W poniedziałek 1 września PZPN zorganizował konferencję prasową z udziałem trenera Jana Urbana i Roberta Lewandowskiego. Rozmawiano o tym, iż w środę piłkarze wylecą do Holandii, gdzie w czwartek zmierzą się w meczu eliminacji mistrzostw świata i już w piątek wrócą do kraju. Bo w niedzielę na Superauto.pl Stadionie Śląskim czeka ich starcie z Finlandią.
Znalazł się jednak czas także na pewien powrót do niedalekiej, ale burzliwej przeszłości.
Robert Lewandowski o dymisji Michała Probierza
Reporter Sport.pl Konrad Ferszter zapytał Roberta Lewandowskiego, czy ten "uśmiechnął się pod nosem", gdy dowiedział się o dymisji byłego trenera Michała Probierza. – Na pewno się nie uśmiechnąłem, bo wydaje mi się, iż każda zmiana trenera – czy to w klubie czy w reprezentacji to też jest kogoś porażka i trzeba sobie z tego jasno zdać sprawę" – odparł "Lewy".
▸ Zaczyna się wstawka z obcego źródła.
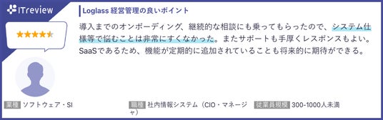 ▽「Loglass 経営管理」のご利用企業様からは、ITreviewにて以下のようなレビューをいただいています。(一部抜粋)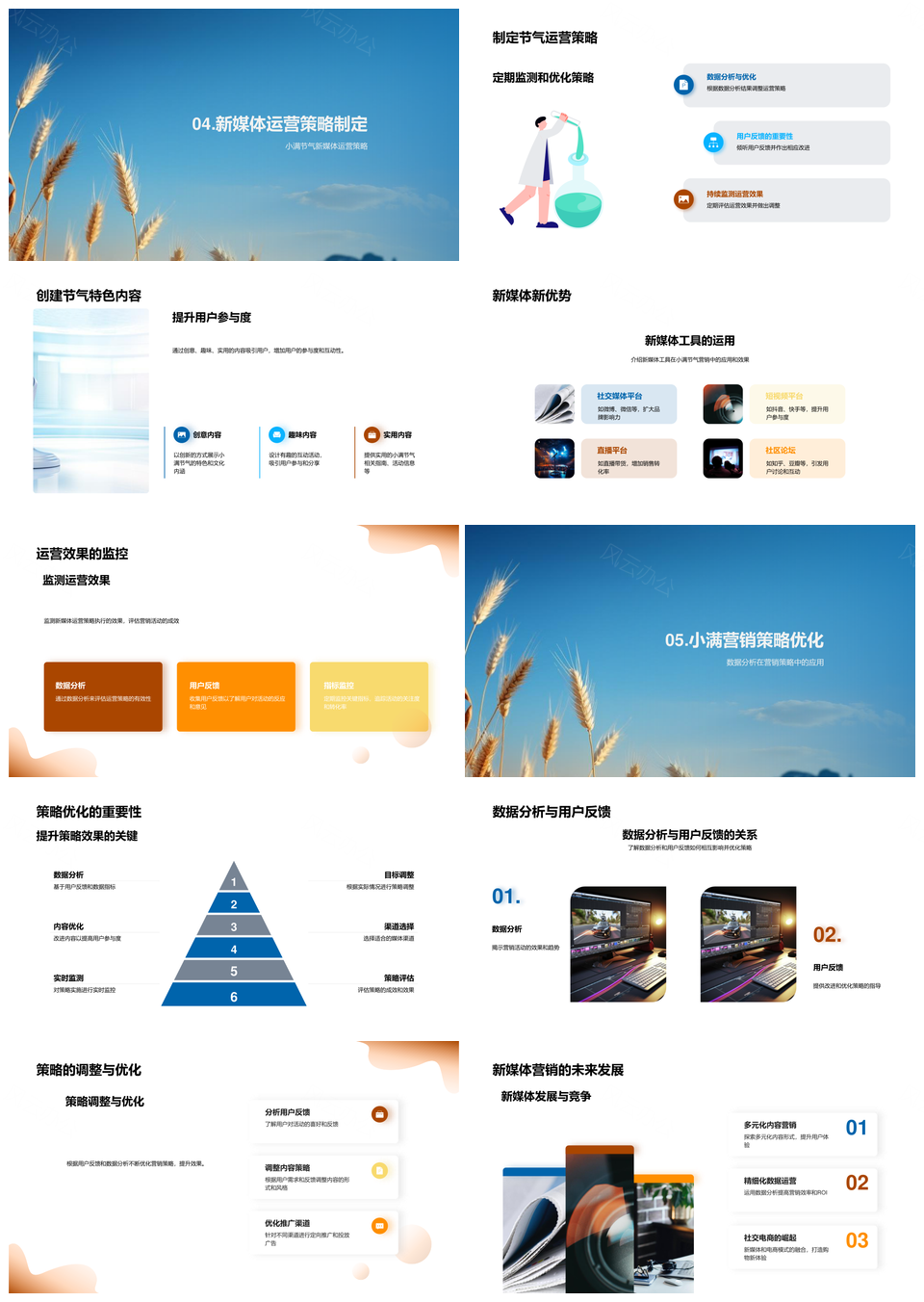 风云办公提供的新媒体小满节气麦穗营销数据驱动策略PPT模板,下载格式为pptx,一共28页,作品中文字及图均可以修改和编辑,图片更改请在作品中右键图片并更换,文字修改请直接点击文字进行修改。

Tak kapitan polskiej reprezentacji podsumował sprawę: – Wydaje mi się, iż ten temat już został wyjaśniony, ja też wypowiedziałem się, nie mam nic do dodania więcej i teraz chcemy się skupić na tym, co przed nami.
Michał Probierz zrezygnował z funkcji trenera
Jak pisaliśmy w naTemat.pl, na początku czerwca Lewandowski ogłosił rezygnację z występów w reprezentacji po tym, jak Probierz odebrał mu kapitańską opaskę. Zastrzegł wtedy, iż nie wróci, dopóki selekcjonerem pozostanie Probierz.
Po blamażu Biało-Czerwonych z Finlandią (1:2) w meczu eliminacyjnym do przyszłorocznego mundialu oraz niemal dobie po rozmowie między Cezarym Kuleszą a Probierzem, szef polskiej piłki ogłosił, iż selekcjoner pozostanie na stanowisku.
Wkrótce potem Michał Probierz przekazał, iż rezygnuje z funkcji:
– Doszedłem do wniosku, iż w obecnej sytuacji najlepszą decyzją dla dobra drużyny narodowej będzie moja rezygnacja ze stanowiska selekcjonera. Pełnienie tej funkcji było spełnieniem moich zawodowych marzeń i największym życiowym zaszczytem.